Tyler Thomas

No. 23 – Alba Fehérvár
- Position: Shooting guard
- League: Nemzeti Bajnokság I/A

Personal information
- Born: February 2, 2000 (age 26) New York City, New York, U.S.
- Listed height: 6 ft 3 in (1.91 m)
- Listed weight: 195 lb (88 kg)

Career information
- High school: Amity Regional (Woodbridge, Connecticut); Williston Northampton School (Easthampton, Massachusetts);
- College: Sacred Heart (2019–2022); Hofstra (2022–2024);
- NBA draft: 2024: undrafted
- Playing career: 2024–present

Career history
- 2024–present: Alba Fehérvár

Career highlights
- CAA Player of the Year (2024); First-team All-CAA (2024); Second-team All-CAA (2023); Second-team All-NEC (2021); Haggerty Award winner (2024);

= Tyler Thomas (basketball) =

American basketball player (born 2000)

Tyler Thomas (born February 2, 2000) is an American basketball player who graduated from Hofstra University in 2024, and is now playing professionally in Hungary with Alba Fehérvár.

==Early life==
Thomas was born in New York City and has a younger brother, Tanner, who is also a basketball player. He attended Amity Regional High School. As a senior, Thomas led the team to the CIAC state championship game and was named the New Haven Register’s Area MVP, finishing his career with 1,531 points for the Spartans. He opted to do a postgraduate year at Williston Northampton School and received All-NEPSAC honors. Thomas committed to play college basketball at Sacred Heart over Merrimack.

==College career==
Thomas averaged 5.6 points per game as a freshman on a team led by E. J. Anosike. He averaged 19.1 points and 5.2 rebounds per game as a sophomore, and was named to the Second-team All-NEC as well as NEC Most Improved Player. As a junior, Thomas averaged 16.4 points and 3.4 rebounds per game, earning Third Team All-NEC honors. He decided to transfer to Hofstra after the season.
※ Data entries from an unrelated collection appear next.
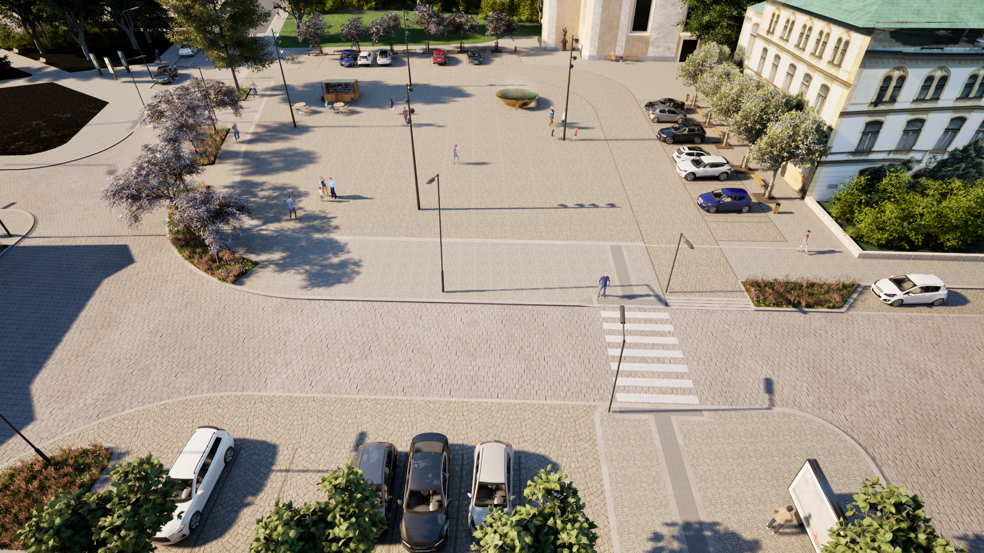 Základním cílem je vytvořit důstojné centrum města a navrátit náměstí více jeho přirozenou roli, jako místa pro setkávání, trhy, společenské a kulturní akce. Parkovací stání budou nově, spolu se stromy, po obvodu plochy a střed náměstí tak zůstane čistě pobytovým prostorem pro různé aktivity či posezení.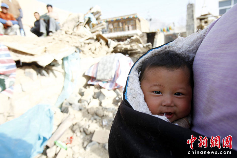 图为4月15日,玉树,三个月大的白玛才措被母亲抢救出来。青友 摄
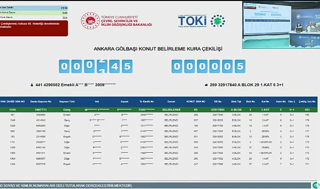 Öte yandan, Gölbaşı TOKİ projesinde de kura sonuçları açıklandı. Toplam 545 daire için 2+1 ve 3+1 tipindeki konutlara 1.516 başvuru yapıldı. Kura çekilişinde hak sahipleri belirlenirken, sonuçlarını öğrenmek isteyen vatandaşlar bu akşam saatlerinden itibaren toki.gov.tr veya e-Devlet üzerinden isim sorgulama ekranından kontrol edebilecek.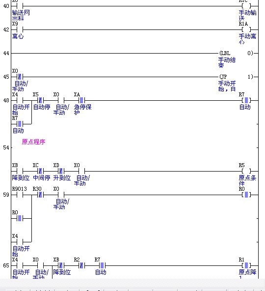 謝謝指教,如果是R7那個位壞了,為什么用MC指令手動自動轉換可以,而用JP或CALL指令就不行了,我想問題是不是在跳轉指令執行后R7是不是保持原來的狀態,因為X0斷開后跳轉到了手動程序段,而R7在自動程序段,如果真是這樣這段程序應該怎么寫哪???

Thomas averaged 16.5 points, 3.8 rebounds and 1.3 assists per game as a senior. He declared for the 2023 NBA draft after the season before withdrawing and returning to Hofstra for his final season of eligibility. On January 26, 2024, Thomas passed the 2,000-point threshold in a win against William & Mary. At the conclusion of the regular season he was named CAA Player of the Year.

== Professional career ==

After playing in two games for the Chicago Bulls in the NBA Summer League, Thomas signed with Alba Fehérvár of the Hungarian Nemzeti Bajnokság I/A (NB I/A) on August 9, 2024.